▸ Records for the task

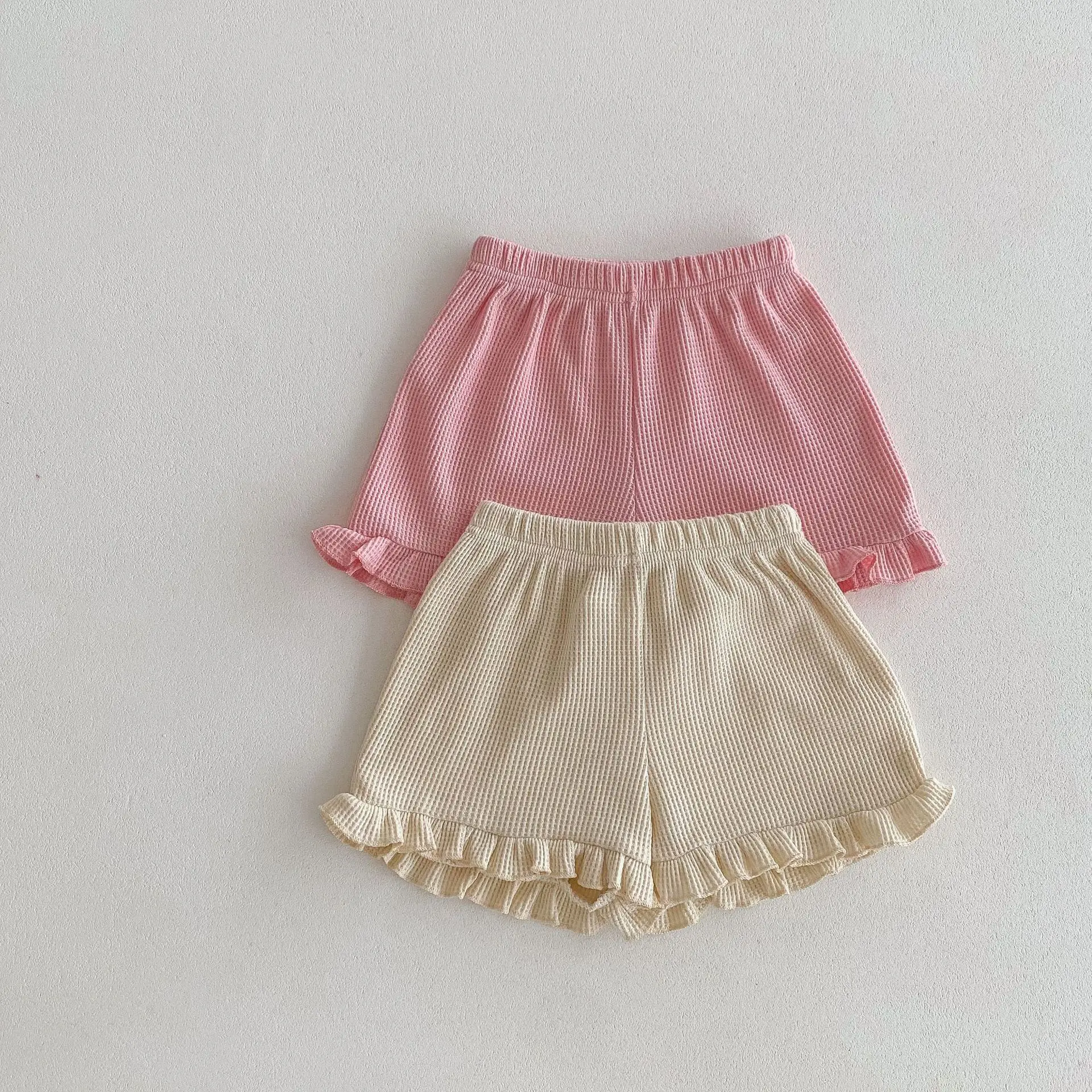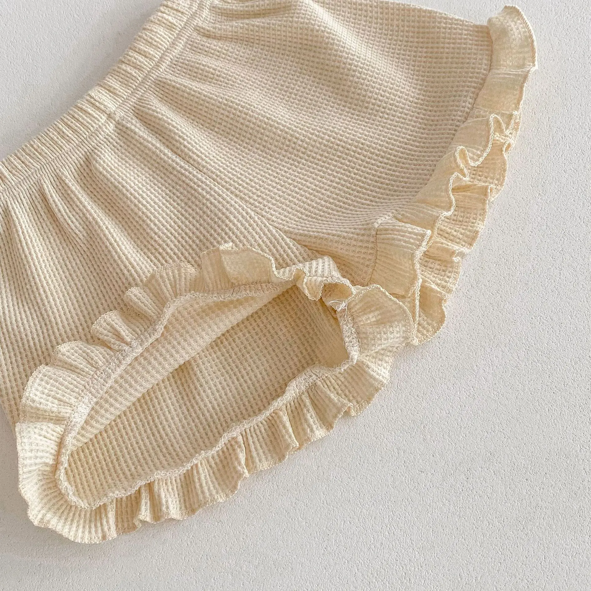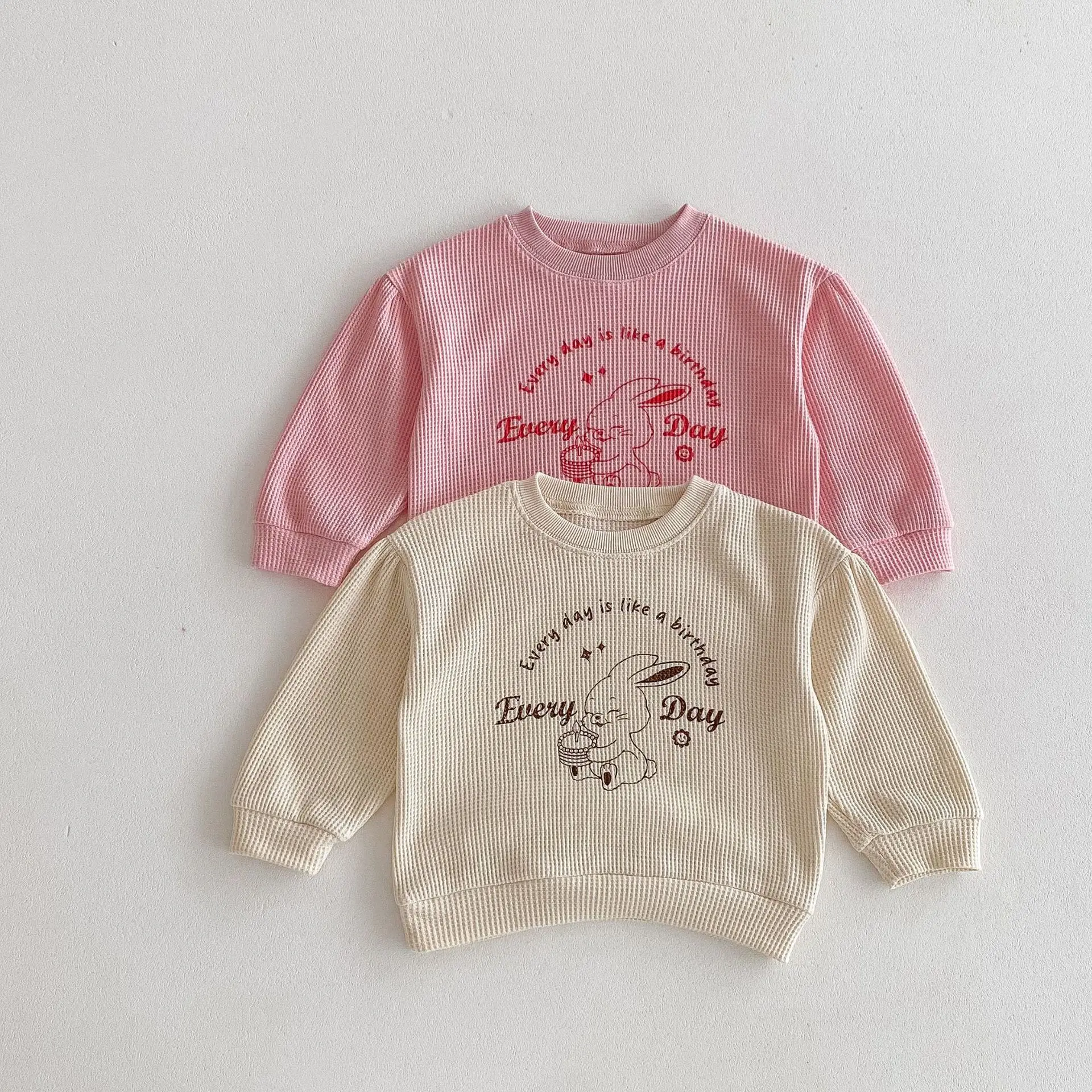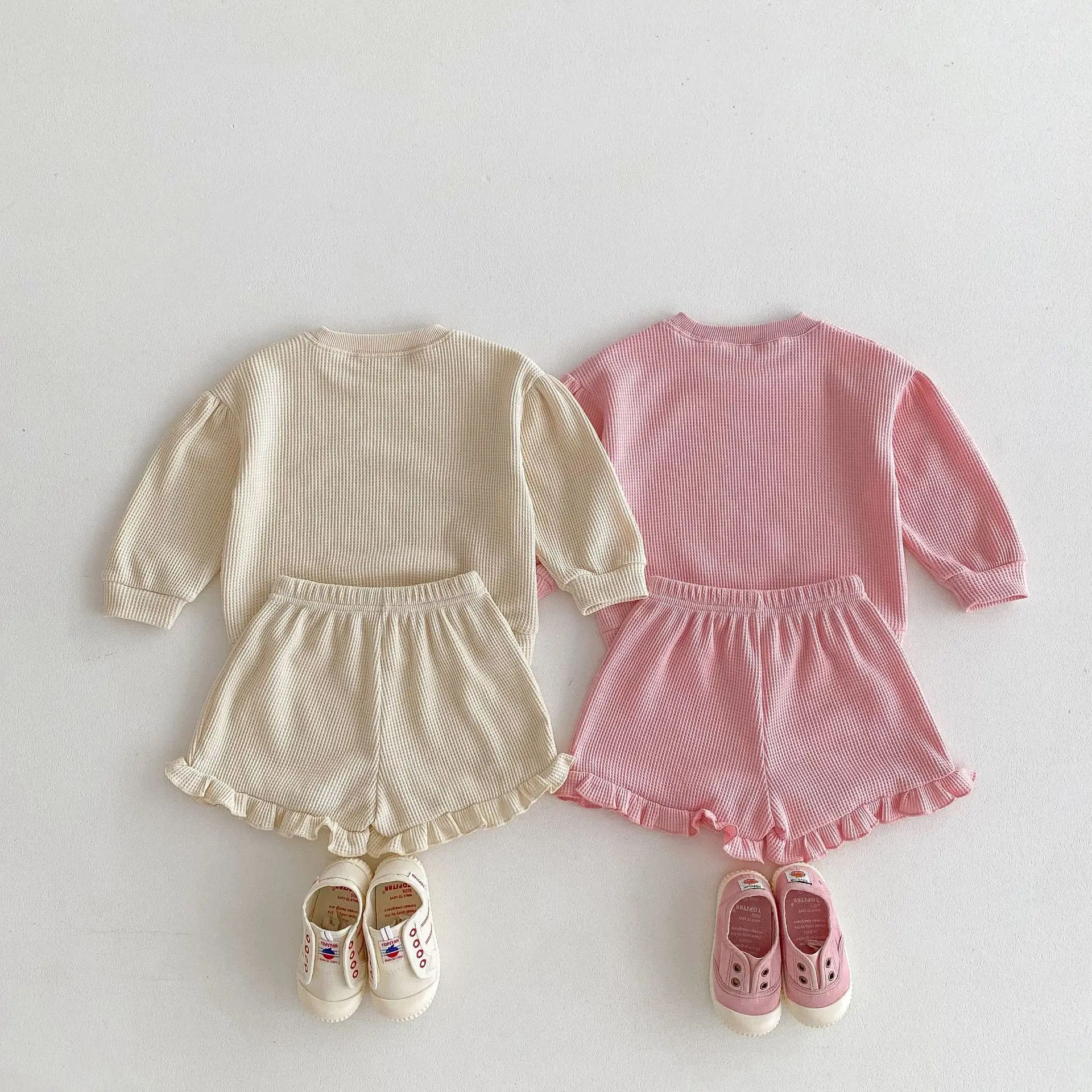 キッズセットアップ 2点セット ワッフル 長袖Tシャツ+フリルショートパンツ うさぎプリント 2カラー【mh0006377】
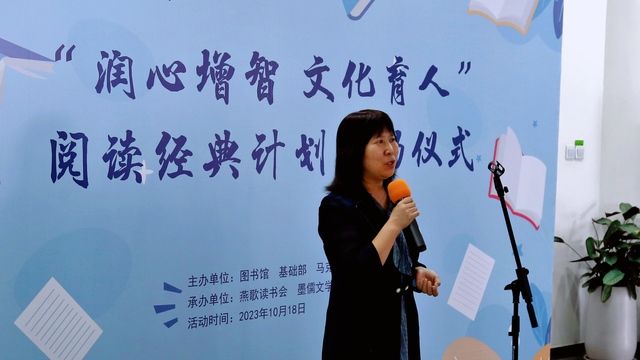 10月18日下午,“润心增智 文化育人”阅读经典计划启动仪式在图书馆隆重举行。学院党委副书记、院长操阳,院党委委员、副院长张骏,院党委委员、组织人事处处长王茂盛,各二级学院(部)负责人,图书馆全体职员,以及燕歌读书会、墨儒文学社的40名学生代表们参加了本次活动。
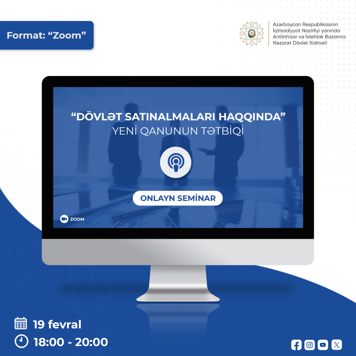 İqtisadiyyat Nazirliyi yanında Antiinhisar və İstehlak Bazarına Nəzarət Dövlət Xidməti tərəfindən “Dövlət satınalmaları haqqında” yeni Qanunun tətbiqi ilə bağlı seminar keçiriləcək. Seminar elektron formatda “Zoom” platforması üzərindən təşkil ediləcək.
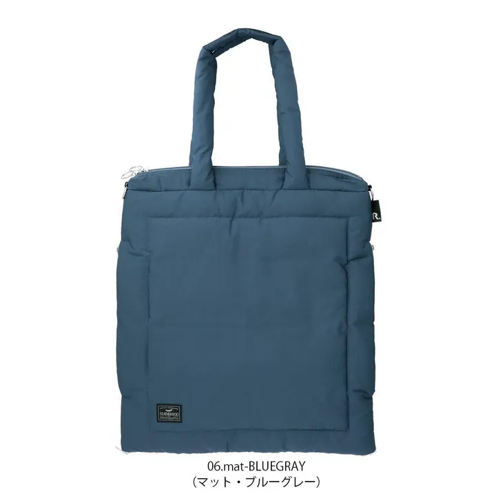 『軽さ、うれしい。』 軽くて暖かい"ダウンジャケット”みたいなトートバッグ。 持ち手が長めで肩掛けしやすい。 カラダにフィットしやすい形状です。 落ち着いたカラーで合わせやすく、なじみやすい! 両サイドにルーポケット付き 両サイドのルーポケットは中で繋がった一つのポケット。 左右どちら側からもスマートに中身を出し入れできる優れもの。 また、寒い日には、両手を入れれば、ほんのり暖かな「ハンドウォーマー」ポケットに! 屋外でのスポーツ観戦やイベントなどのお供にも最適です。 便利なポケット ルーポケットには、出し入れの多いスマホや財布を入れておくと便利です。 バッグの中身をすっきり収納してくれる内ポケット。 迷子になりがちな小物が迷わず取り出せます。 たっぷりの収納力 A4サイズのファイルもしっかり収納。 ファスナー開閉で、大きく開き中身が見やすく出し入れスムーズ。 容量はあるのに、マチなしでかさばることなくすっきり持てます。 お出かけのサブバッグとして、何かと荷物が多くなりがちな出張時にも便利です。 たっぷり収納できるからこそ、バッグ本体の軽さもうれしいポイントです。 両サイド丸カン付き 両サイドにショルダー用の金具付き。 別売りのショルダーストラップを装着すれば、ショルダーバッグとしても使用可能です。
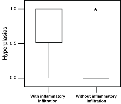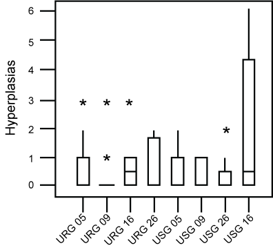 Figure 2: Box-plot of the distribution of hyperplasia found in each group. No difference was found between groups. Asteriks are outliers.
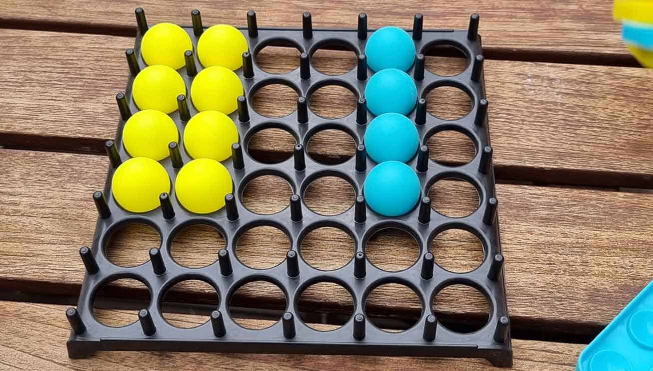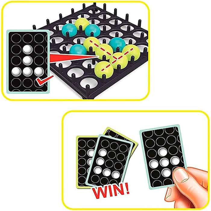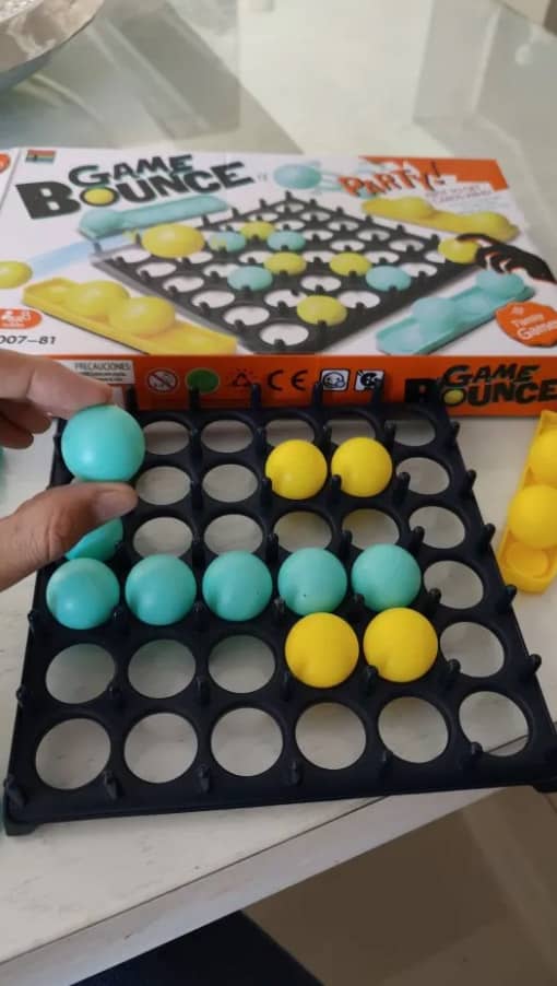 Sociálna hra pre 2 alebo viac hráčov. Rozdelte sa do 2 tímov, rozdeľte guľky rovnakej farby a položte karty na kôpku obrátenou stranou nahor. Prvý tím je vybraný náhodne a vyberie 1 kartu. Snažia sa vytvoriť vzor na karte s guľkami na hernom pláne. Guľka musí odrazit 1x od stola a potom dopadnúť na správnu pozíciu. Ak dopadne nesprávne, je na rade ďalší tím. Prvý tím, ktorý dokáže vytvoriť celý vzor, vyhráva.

▸ Exercise directions
Do not include images; quote all of the entries above exactly.

▸ Exercise answer
 キッズセットアップ 2点セット ワッフル 長袖Tシャツ+フリルショートパンツ うさぎプリント 2カラー【mh0006377】
 10月18日下午,“润心增智 文化育人”阅读经典计划启动仪式在图书馆隆重举行。学院党委副书记、院长操阳,院党委委员、副院长张骏,院党委委员、组织人事处处长王茂盛,各二级学院(部)负责人,图书馆全体职员,以及燕歌读书会、墨儒文学社的40名学生代表们参加了本次活动。
 İqtisadiyyat Nazirliyi yanında Antiinhisar və İstehlak Bazarına Nəzarət Dövlət Xidməti tərəfindən “Dövlət satınalmaları haqqında” yeni Qanunun tətbiqi ilə bağlı seminar keçiriləcək. Seminar elektron formatda “Zoom” platforması üzərindən təşkil ediləcək.
 『軽さ、うれしい。』 軽くて暖かい"ダウンジャケット”みたいなトートバッグ。 持ち手が長めで肩掛けしやすい。 カラダにフィットしやすい形状です。 落ち着いたカラーで合わせやすく、なじみやすい! 両サイドにルーポケット付き 両サイドのルーポケットは中で繋がった一つのポケット。 左右どちら側からもスマートに中身を出し入れできる優れもの。 また、寒い日には、両手を入れれば、ほんのり暖かな「ハンドウォーマー」ポケットに! 屋外でのスポーツ観戦やイベントなどのお供にも最適です。 便利なポケット ルーポケットには、出し入れの多いスマホや財布を入れておくと便利です。 バッグの中身をすっきり収納してくれる内ポケット。 迷子になりがちな小物が迷わず取り出せます。 たっぷりの収納力 A4サイズのファイルもしっかり収納。 ファスナー開閉で、大きく開き中身が見やすく出し入れスムーズ。 容量はあるのに、マチなしでかさばることなくすっきり持てます。 お出かけのサブバッグとして、何かと荷物が多くなりがちな出張時にも便利です。 たっぷり収納できるからこそ、バッグ本体の軽さもうれしいポイントです。 両サイド丸カン付き 両サイドにショルダー用の金具付き。 別売りのショルダーストラップを装着すれば、ショルダーバッグとしても使用可能です。
 Figure 2: Box-plot of the distribution of hyperplasia found in each group. No difference was found between groups. Asteriks are outliers.
 Sociálna hra pre 2 alebo viac hráčov. Rozdelte sa do 2 tímov, rozdeľte guľky rovnakej farby a položte karty na kôpku obrátenou stranou nahor. Prvý tím je vybraný náhodne a vyberie 1 kartu. Snažia sa vytvoriť vzor na karte s guľkami na hernom pláne. Guľka musí odrazit 1x od stola a potom dopadnúť na správnu pozíciu. Ak dopadne nesprávne, je na rade ďalší tím. Prvý tím, ktorý dokáže vytvoriť celý vzor, vyhráva.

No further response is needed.